EIA forecasts that as electricity generation increases 42 percent by 2020, power plants' annual carbon dioxide and mercury emissions will rise nationwide by about 800 million tons and 4 tons, respectively. At the same time, EIA expects plants' annual emissions of nitrogen oxides and sulfur dioxide to decrease nationwide by about 100 thousand tons and about 2 million tons, respectively. Regionally, EIA forecasts that emissions of nitrogen oxides and sulfur dioxide will increase in some areas of the country; mercury will also increase in some areas, while carbon dioxide will increase in all areas. EIA also estimated emissions from three additional scenarios, using different assumptions based on recommendations from advisers GAO consulted. Like EIA's original forecast, the scenarios showed an increase nationwide in power plants' annual carbon dioxide and mercury emissions and a decrease in emissions of nitrogen oxides and sulfur dioxide between 2000 and 2020, although at different rates than EIA's projections. However, the scenarios also showed that, regionally, emissions of nitrogen oxides and sulfur dioxide could rise in some areas. Separately, GAO found that EIA had not used the most current data on certain emissions limits in its model, although this had a limited impact on the forecasts. GAO estimates that power plants will use between 3 percent less and 17 percent more water by 2020, although they will use less water for each unit of electricity produced than they currently do, primarily because of new technologies that require less water. The total increase in water use is not likely to create shortages, but it could affect companies' decisions about where to locate new plants and what type to build.
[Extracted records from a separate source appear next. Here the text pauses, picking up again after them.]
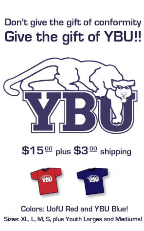 In Provo last time I visited, I saw an obnoxious T-shirt slogan. It said: " BYU- THE University of Utah." In fact the opposite is true. The University of Utah is the historical Brigham Young University. If Bro. Brigham were to rise from his grave and attend a BYU-Utah football game, he'd probably be wearing red.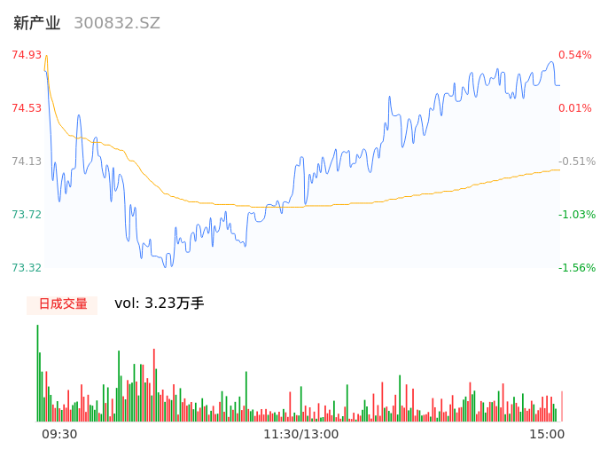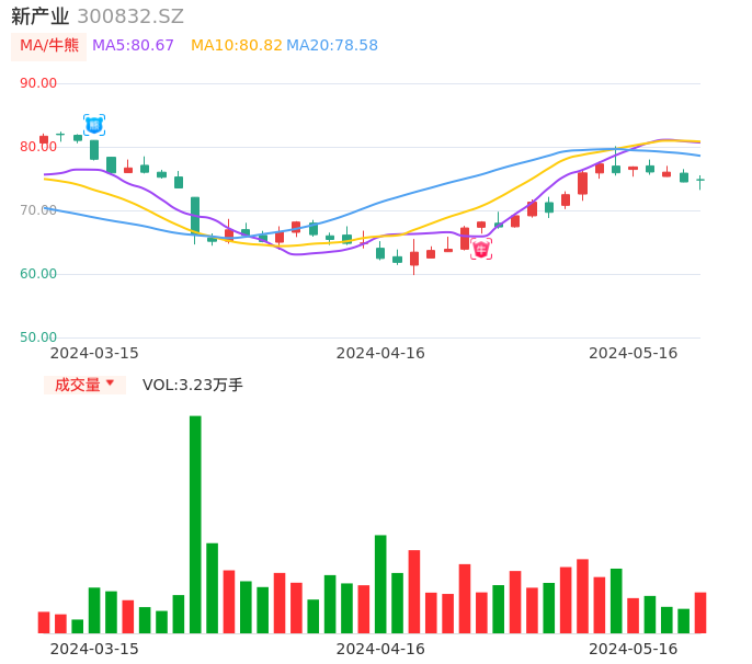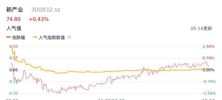 05月16日,新产业收报74.80,股价涨幅0.43%,成交金额2.39亿元,换手率0.46%。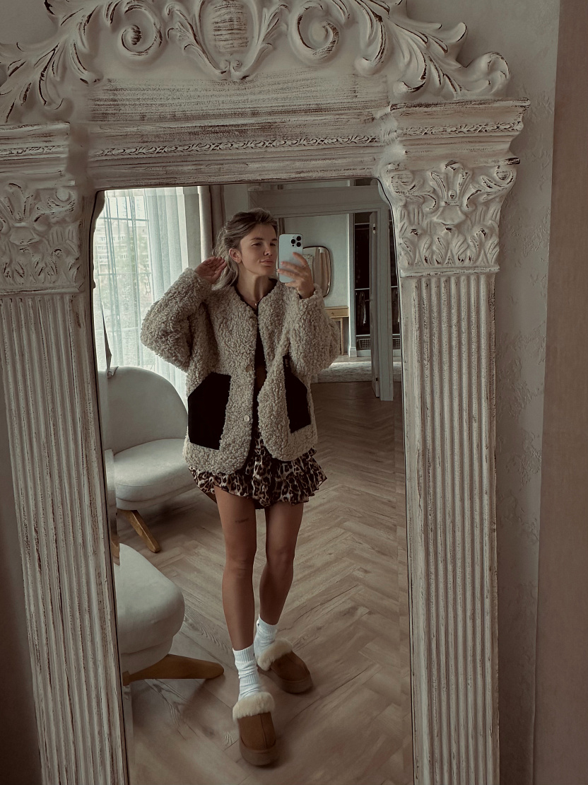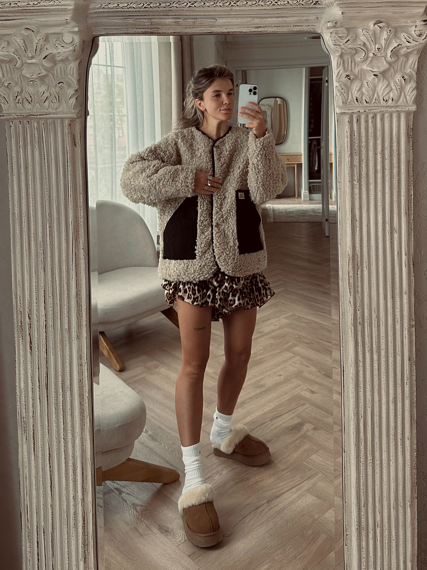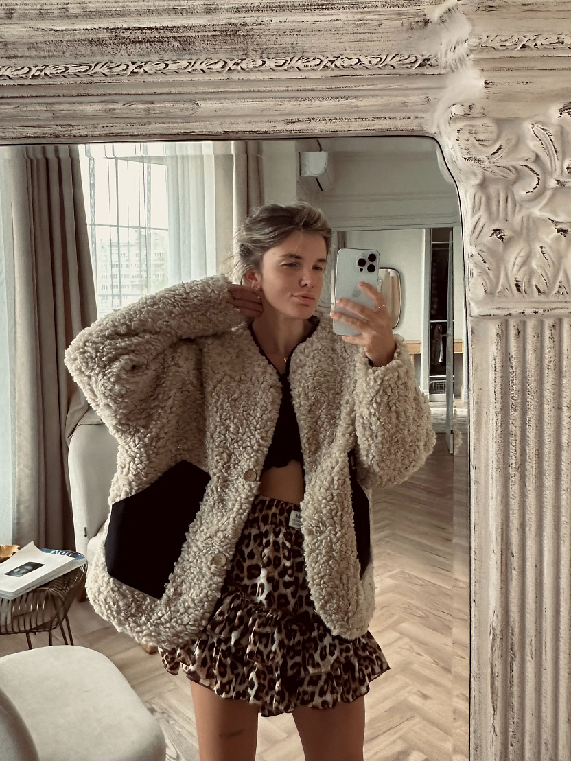 Изделие имеет фасон oversize и спущенный рукав. Цвет изделия на фото Тедди Даст.

Recommendation for Executive Action
Status: Closed - Implemented
Comments: As of July 2006, the Energy Information Administration (EIA) has responded to the recommendation by coordinating with EPA to ensure that EIA accurately characterizes federal and state environmental regulations in its modeling.
Recommendation: To ensure that future forecasts of electricity generation and related environmental effects are as accurate and useful as possible, the Administrator of EIA should work with the Environmental Protection Agency and states to ensure that the agency incorporates the most current information on regulatory limits for certain emissions, such as nitrogen oxides, into modeling of its electricity and emissions projections.